Cody v. Gaynes

279 A.D. 910, 110 N.Y.S.2d 633, 1952 N.Y. App. Div. LEXIS 5282
CourtAppellate Division of the Supreme Court of the State of New York
DecidedMarch 3, 1952
StatusPublished
Cited by3 cases

This text of 279 A.D. 910 (Cody v. Gaynes) is published on Counsel Stack Legal Research, covering Appellate Division of the Supreme Court of the State of New York primary law. Counsel Stack provides free access to over 12 million legal documents including statutes, case law, regulations, and constitutions.

Bluebook
Cody v. Gaynes, 279 A.D. 910, 110 N.Y.S.2d 633, 1952 N.Y. App. Div. LEXIS 5282 (N.Y. Ct.

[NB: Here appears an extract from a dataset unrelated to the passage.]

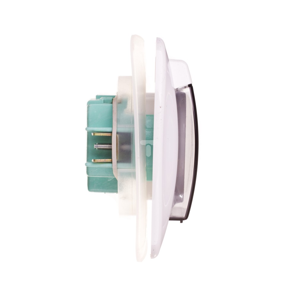 Simon Akord Gniazdo hermetyczne pojedyncze z/u 16A IP44 z przesłoną torów i klapką dymną białe AGZ1Bze/11a WMAW-33111x-1011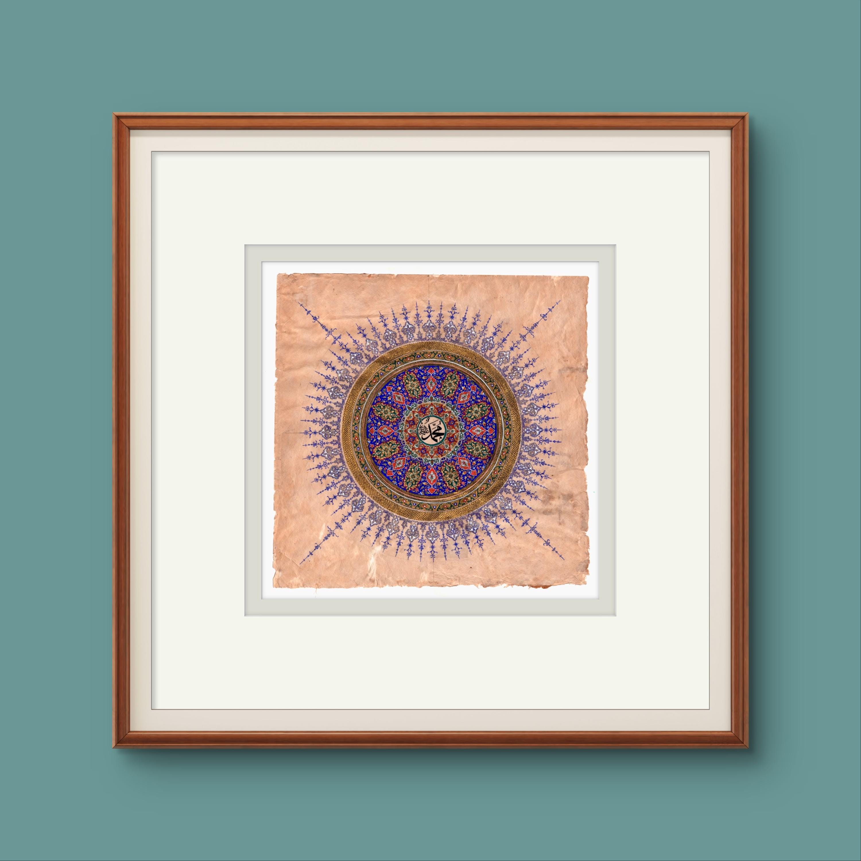 Inspired by classical Persian manuscript traditions, this piece blends faith, history, and fine craftsmanship - every detail painted by hand using pigments, watercolor, acrylic, natural inks, and subtle gold accents on both antique and modern handcrafted mulberry made silk parchment.

App. 1952).

Opinion

An agreement to hold plaintiffs harmless from claims constitutes a promise to indemnify against loss rather than a promise to indemnify against liability and, in the absence of an allegation of actual loss, a cause of action is insufficient. {Fredel v. Greene, 278 App. Div. 579, affd. 302 jST. Y. 859.) The third cause of action of the corporate plaintiff, is insufficient because there is no allegation that the corporate plaintiff has any interest in the bonds. Carswell, Acting P. J., Johnston, Adel, Wenzel and MacCrate, JJ., concur.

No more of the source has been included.